3.7. Nothing in this Appendix shall constitute a partnership or employment or agency relationship between the Parties.

3.8. A person who is not a Party shall not have any rights under or in connection with this Appendix.

3.9. No failure or delay by either Party to exercise any right or remedy provided under this Appendix or by law shall constitute a waiver of that or any other right or remedy, nor shall it prevent or restrict the further exercise of that or any other right or remedy.
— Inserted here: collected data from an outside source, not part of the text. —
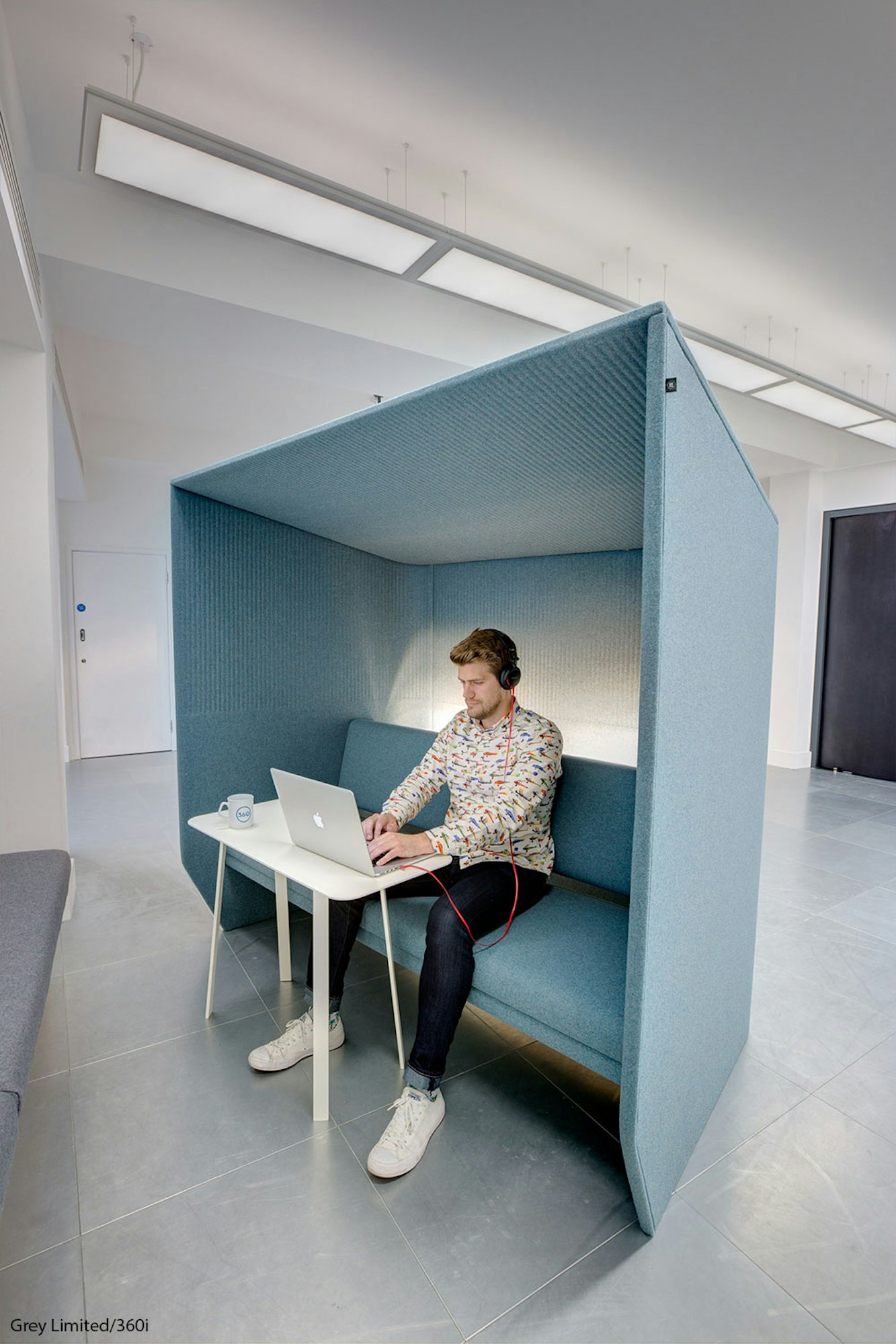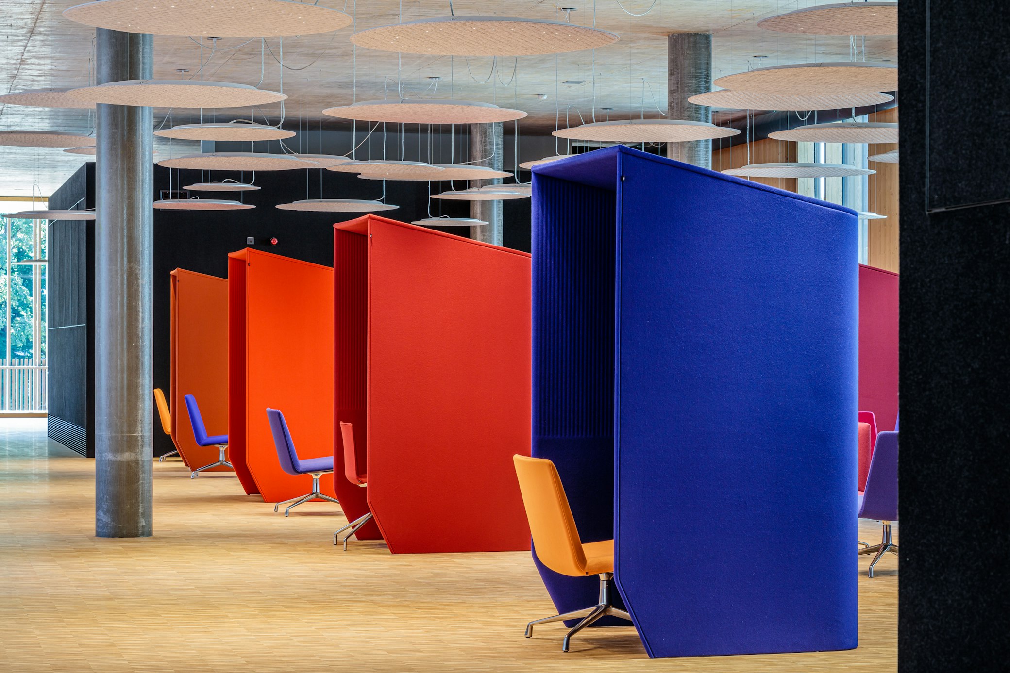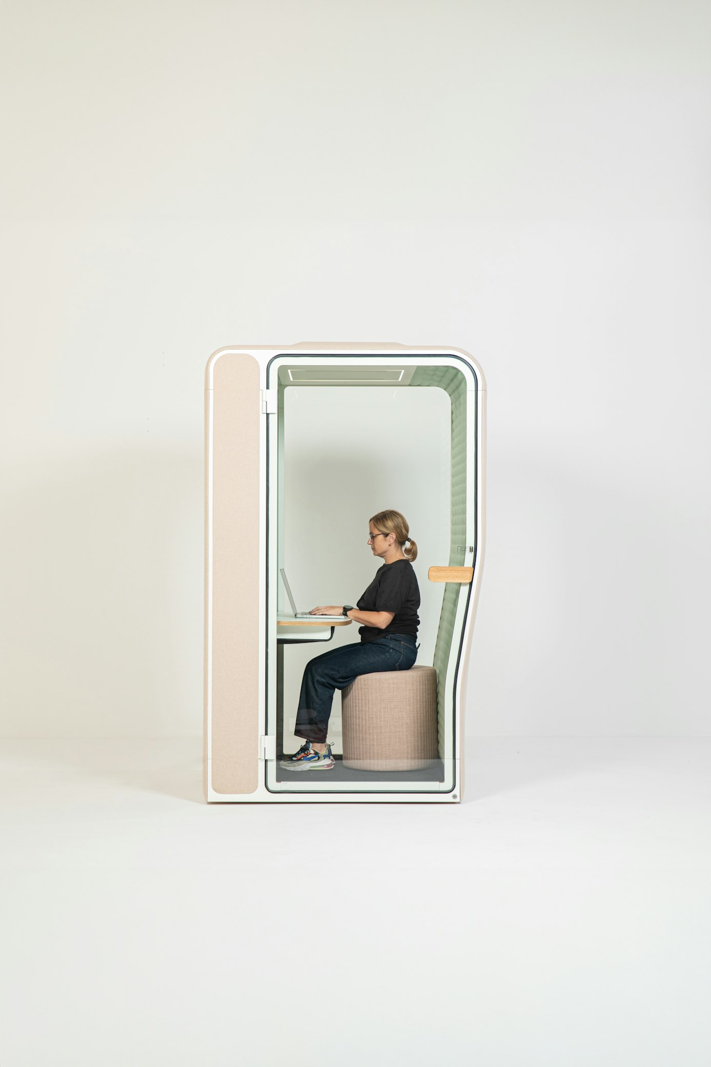 For open-space offices without acoustic treatment, a privacy booth can help absorb excess noise while additionally forming spots for work, meetings, and collaboration areas without having to build walls.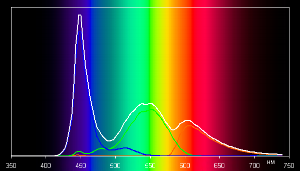 Спектры показывают, что светофильтры матрицы в умеренной степени подмешивают компоненты друг к другу: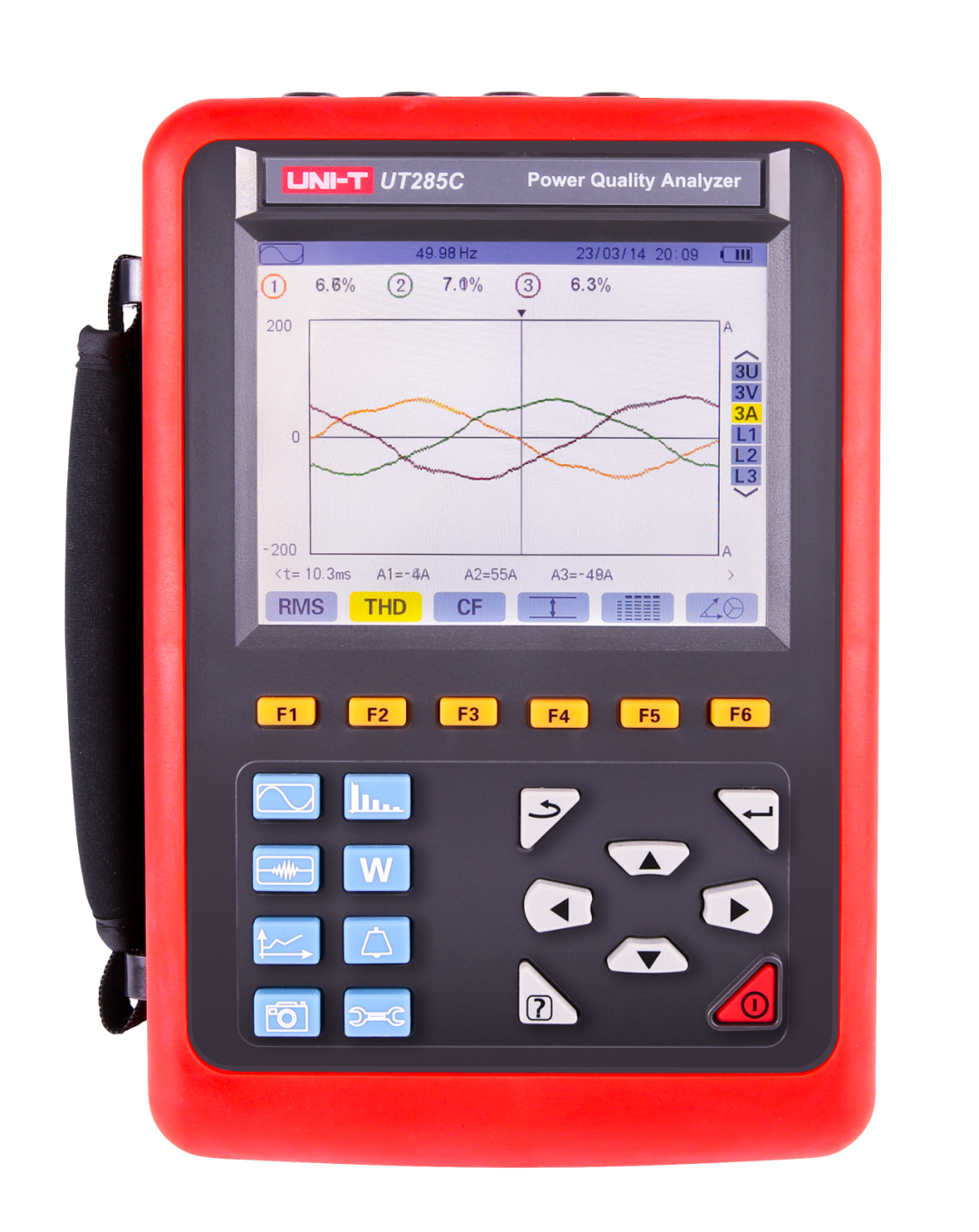 ·功能用途:可同时测量4路电流,4路电压、电流电压的峰值、一段时间内的最大最小值、三相不平衡度、短时电压闪变、变压器K因数、有功功率、无功功率、视在功率、功率因数、位移功率因数、有功电能、无功电能、视在电能、谐波比、总谐波失真度等。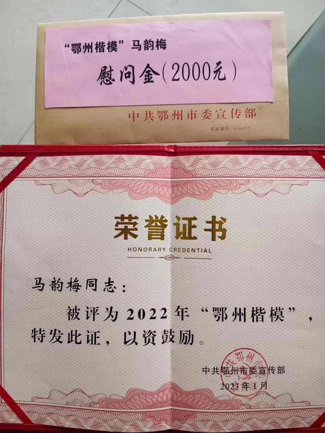 吕小军为马韵梅颁发了“鄂州楷模”的荣誉证书和2000元慰问金,并了解她的工作、家庭生活等情况,对她助人为乐、见义勇为的事迹表示高度的肯定和赞扬,勉励她再接再厉,积极发挥榜样示范作用。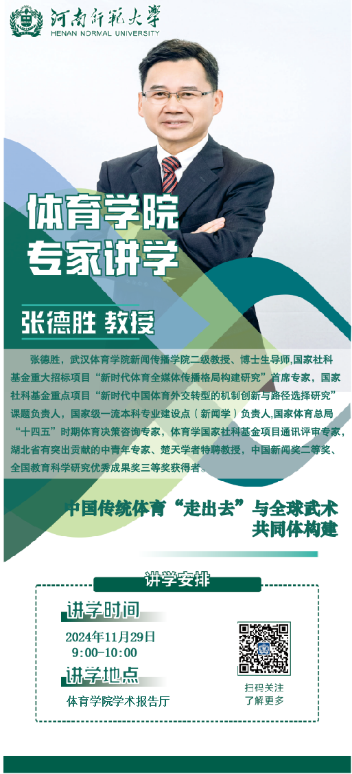 武汉体育学院新闻传播学院张德胜教授将应邀做客体育博雅论坛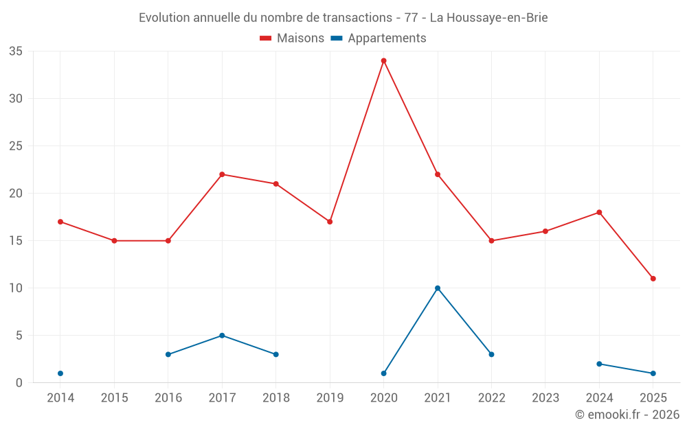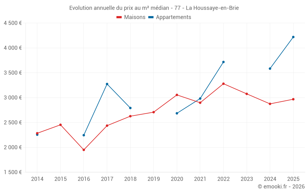 Le prix médian sur les 18 transactions de maisons des 12 derniers mois dans la commune de la Houssaye-en-Brie était de 3 046 € par mètre carré pour une valeur foncière médiane de 314 950 €. Sur cette période 60% des transactions se sont situées entre 2 317 et 3 521 € par mètre carré (du 2ème au 8ème déciles).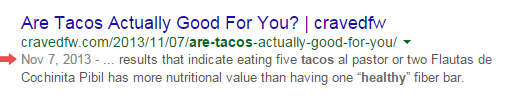 Sometimes, Google will algorithmically add information to a snippet. One of the most common examples is a date-stamp added to news and blog results. These add-ons appear at the beginning of the snippet.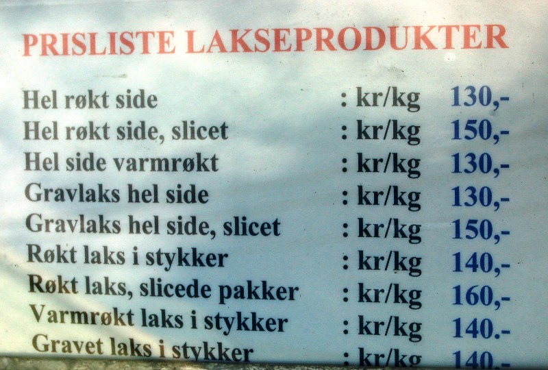 Fahr auch mal nach Agnefest. Da ist bei der Fischfabrik jetzt ein Verkaufsstand für Lachs und andere leckere Sachen. Preise sind eigentlich OK.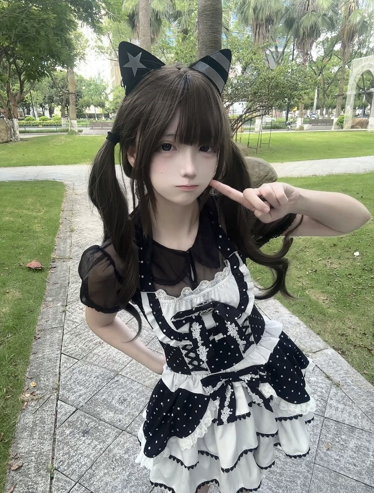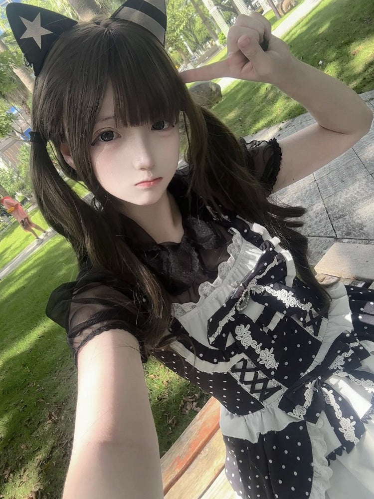 黒と白のオールドスクールロリータファッションドレス蝶結びロリータJSKセット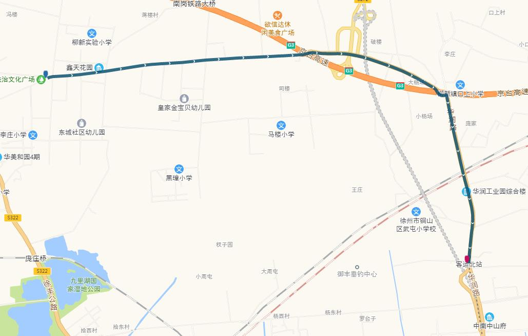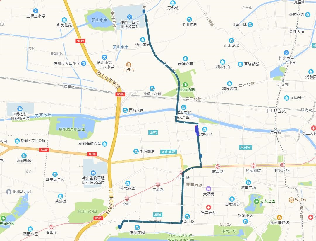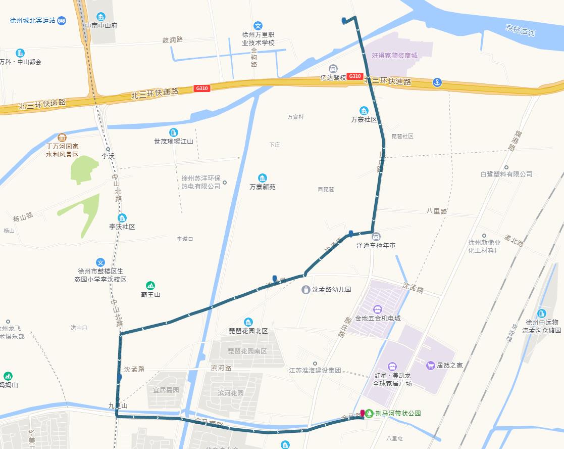 線路站點(diǎn):山南小鎮(zhèn),山水龍瑞,馬場(chǎng)湖路口,馬場(chǎng)湖,怡康花園,后勤學(xué)院北,誠坤鋼材市場(chǎng),蘇堤北路立交橋(西),蘇堤北路立交橋(東),蘇堤路小學(xué),永業(yè)花園小區(qū),江蘇四監(jiān),銅沛路東口,中山北路立交橋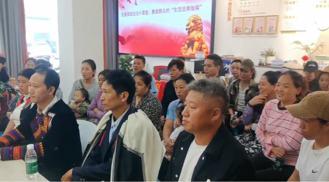 随后开展的“民族团结法治小课堂”上,社区网格员啥妈拉子用彝语“拉家常”的方式,围绕《治安管理处罚法》、未成年人权益保护、农村购房注意事项及务工签约等实际问题,进行了生动讲解,引导群众善用法律维权,并推荐关注普法宣传活动、遇到困难时咨询12348法律服务热线。参与群众纷纷表示:“通过此次活动学习了更多法律知识和维权途径,心里更踏实了!”。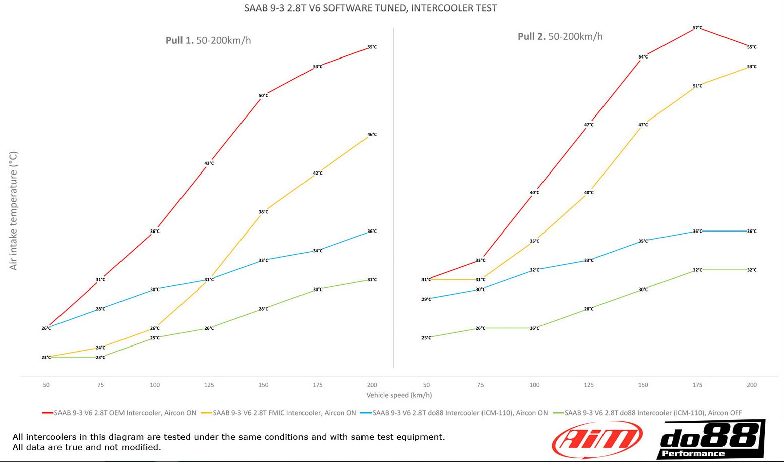 A common misunderstanding is that an intercooler installed in this position cannot provide good performance and a front mounted intercooler / FMIC would be much better. But actually the do88 performance intercooler are far better than most FMIC installations where only a core with small front surface are possible to install and often also installed partially behind the bumper beam which will reduce cooling capacity even further and often cooling below the OEM intercooler are achieved.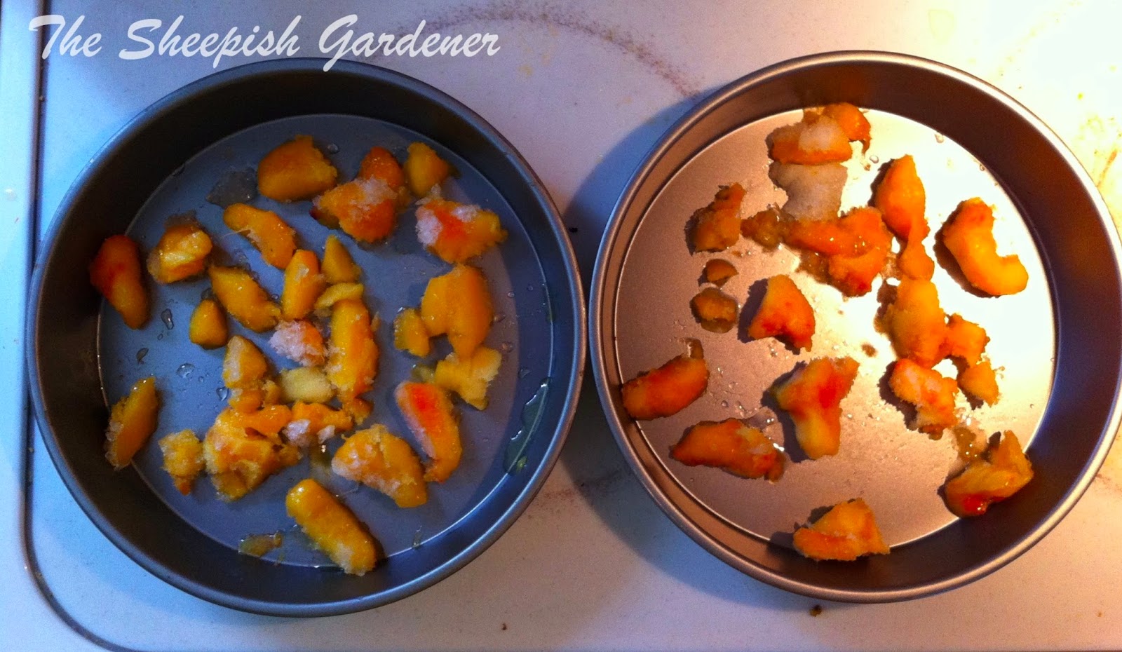 I poured the raspberry puree over the fruit in the pans and put it in the freezer.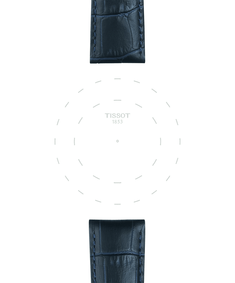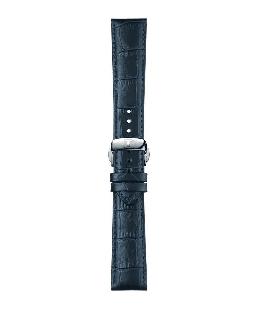 Original blå läderrem med butterfly-spänne med tryckknapp. Remmen har snabbt och enkelt utbytbart fäste. Kompatibel med bland annat Tissot Gentleman.

No single or partial exercise of such right or remedy shall prevent or restrict the further exercise of that or any other right or remedy.

3.10. This Appendix and any disputes or claims arising out of or in connection with it or its subject matter or formation (including non-contractual disputes or claims) shall be governed by and construed in accordance with the laws of England.

3.11. The Parties irrevocably agree that the courts of England have exclusive jurisdiction to settle any disputes or claims arising out of or in connection with this Appendix, its subject matter or its formation.

3. Except as set out in paragraph 3 of this letter, the Agreement shall continue in full force and effect.

4. This letter and any dispute or claim (including, without limitation, non-contractual disputes or claims) arising out of or in connection with it or its subject matter or formation shall be governed by and interpreted in accordance with the law of England.

5. The Parties irrevocably agree that the courts of England have exclusive jurisdiction to settle any dispute or claim that arises out of, or in connection with, this letter or its subject matter or formation.